Disbelief in a misrepresentation will not negate inducement - Hayward v Zurich

Can the settlement of a claim be unwound if fraud was always suspected and evidence of it emerged after settlement?

Summary

In Hayward v Zurich, the Supreme Court has decided the vexed question of whether a suspicion of fraud at the time of a settlement can prevent a later action for fraudulent misrepresentation. It was held that a settlement agreement could be set aside where the underlying claim was later shown to be fraudulent, even though the defendant suspected fraud at the time it settled the claim.

Background

In June 1998 Mr Hayward brought a claim against his employer for more than £420,000 for a workplace injury. Zurich contested the quantum as they had obtained video evidence which showed that Mr Hayward appeared to be exaggerating his injuries. Despite Zurich’s evidence, Mr Hayward maintained his position, and the expert instructed by Zurich failed to provide a supplemental report that substantiated the exaggeration of Mr Hayward’s injuries, Zurich was concerned that the court would be convinced by Mr Hayward’s claim. As a result, Zurich settled the matter for £134,973 prior to trial.

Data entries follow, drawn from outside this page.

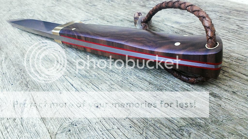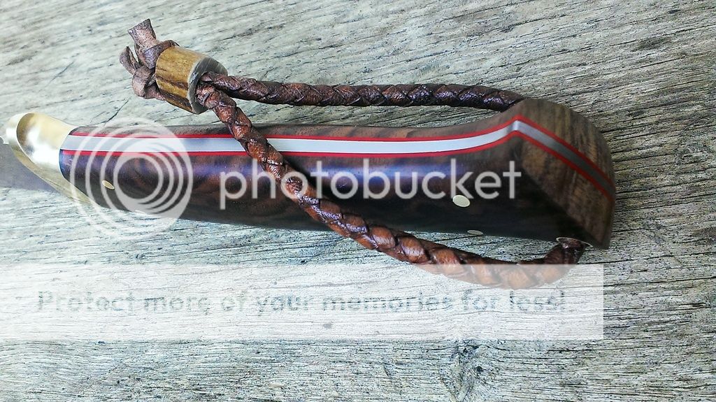 Handle is stabilized walnut,brass and black and red vulcanfiber.
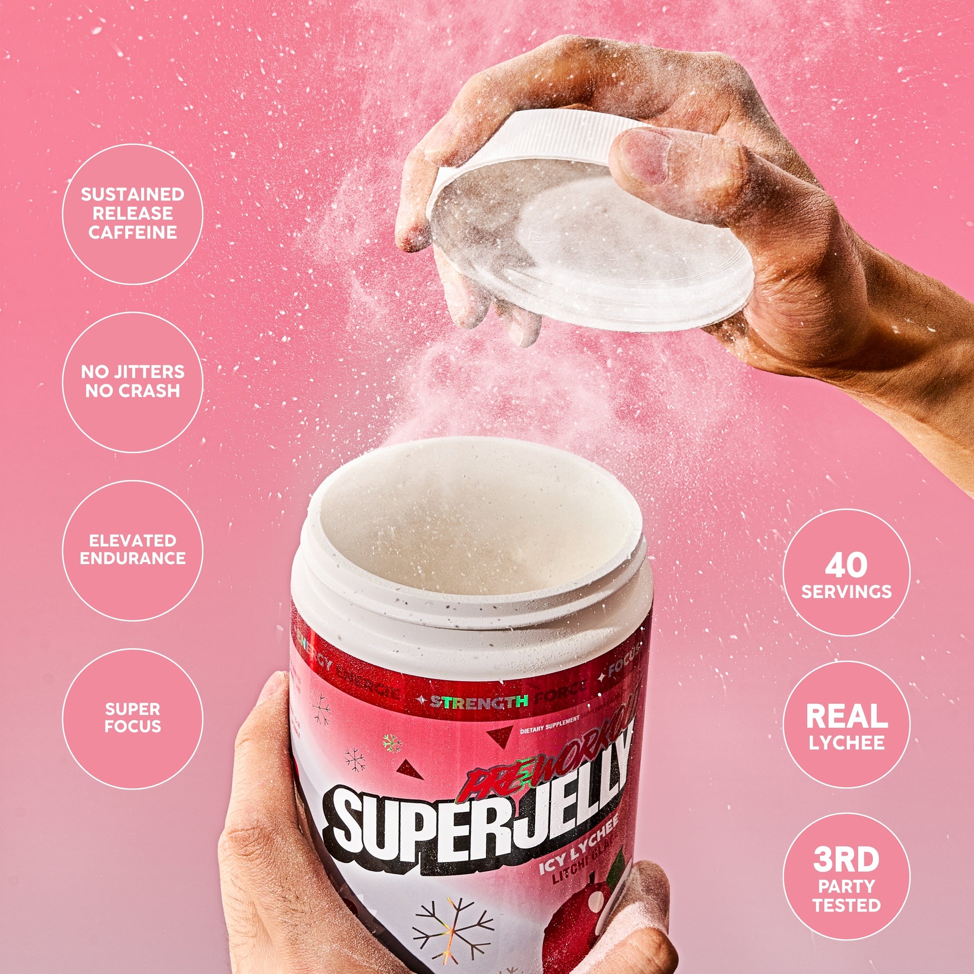 Bright, juicy, and energizing without the crash. This fruity lychee pre is your go-to for Pilates, gym days, or any moment you need a little extra spark.
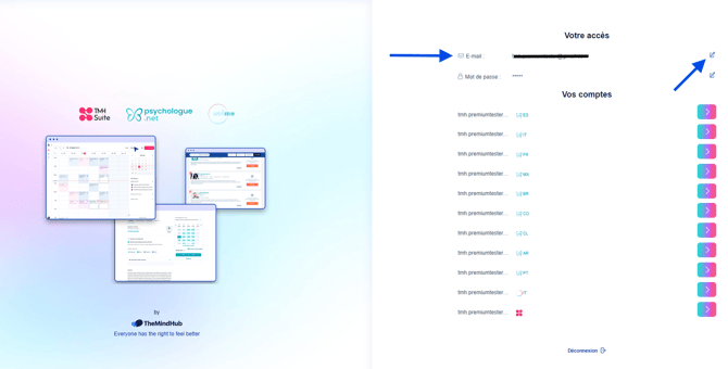 (Ce changement de mot de passe s’appliquera à votre accès au menu professionnel psychologue.net ainsi qu’à votre agenda TMH Suite.)
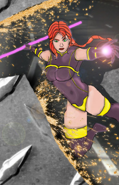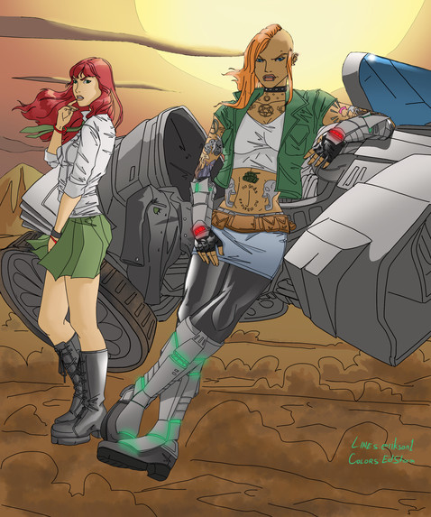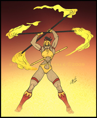 This is my rendition of 's superheroine Burncycle, who you can see in her SL incarnationhere . This was a fun character to draw, and even more fun to color; she seemed to blaze right off the screen.-Ed
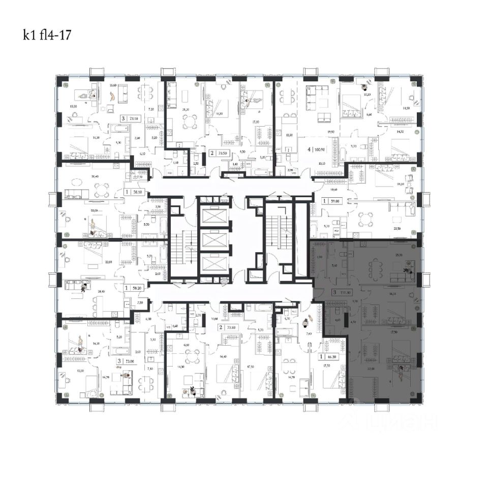 Продаётся 4-квартира на 8 этаже 24-этажного дома (1 корпус). Общая площадь: 111.2 кв.м. Высота потолков от 3.15 м.
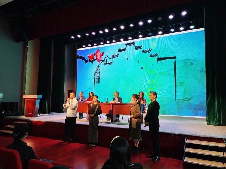 近日,浙江艺术职业学院戏曲学院2021级甬剧(大专班)开班仪式在宁波天然舞台小剧场举行。浙江艺术职业学院戏曲学院党总支书记兼副院长谢青给学生们饱含深情地讲解了未来三年学校要授予的知识体系,26位甬剧新秀也迎来了大专学习生涯的第一课。

Two years after this settlement, Mr Hayward’s neighbours approached Zurich and provided witness evidence that Mr Hayward had entirely recovered from his injuries prior to settlement. Zurich therefore brought a claim in deceit against Mr Hayward asserting that the statements he had made constituted a fraudulent misrepresentation and therefore the settlement agreement should be rescinded.

In 2013 the High Court set the settlement agreement aside and reduced Mr Hayward’s damages to £14,720 and ordered him to repay the difference of his original award back to Zurich.

Mr Hayward subsequently appealed to the Court of Appeal. The court agreed with Mr Hayward’s submissions that, in order to succeed in a claim of misrepresentation, Zurich had to show that it was their belief in the validity of the claim which convinced them to enter into the settlement agreement. It was found that Zurich had implicitly agreed not to reopen the case at a later date because, at settlement, they were aware that the claimant’s factual case might be false. LJ Underhill said: “There is a wider principle at stake, that the parties who settle the claims with their eyes wide open should not be entitled to revive them only because better evidence comes along later.”

Zurich subsequently appealed this finding to the Supreme Court, and on 27 July 2016 the Supreme Court restored the original judgment of the High Court.

The Supreme Court Decision

The Supreme Court ruled that, although Zurich was aware, to a certain extent, that Mr Hayward was exaggerating his injuries, they were not fully cognisant of the extent of the exaggeration until Mr Hayward’s neighbours came forward. In addition, Lord Clarke pointed out that “…the ingredients of the tort of deceit are not in dispute subject to one question, which is whether a claimant alleging deceit must show that he believed this misrepresentation. In my opinion the answer is no.” There could be no doubt, given the judge’s original findings of fact, that had Zurich known the true position they would not have offered Mr Hayward anything like the 2013 settlement sum.

The Supreme Court stated that the question of whether Zurich was induced into entering into the settlement agreement and whether doing so was causative of its loss were questions of fact. The fraudulent statements made by Mr Hayward induced Zurich to enter into the settlement agreement - whether they were believed or not and whether or not there were other factors (such as the weakness of the expert evidence on the question of exaggeration). The inducement was the concern that the court would accept Mr Hayward’s account at trial.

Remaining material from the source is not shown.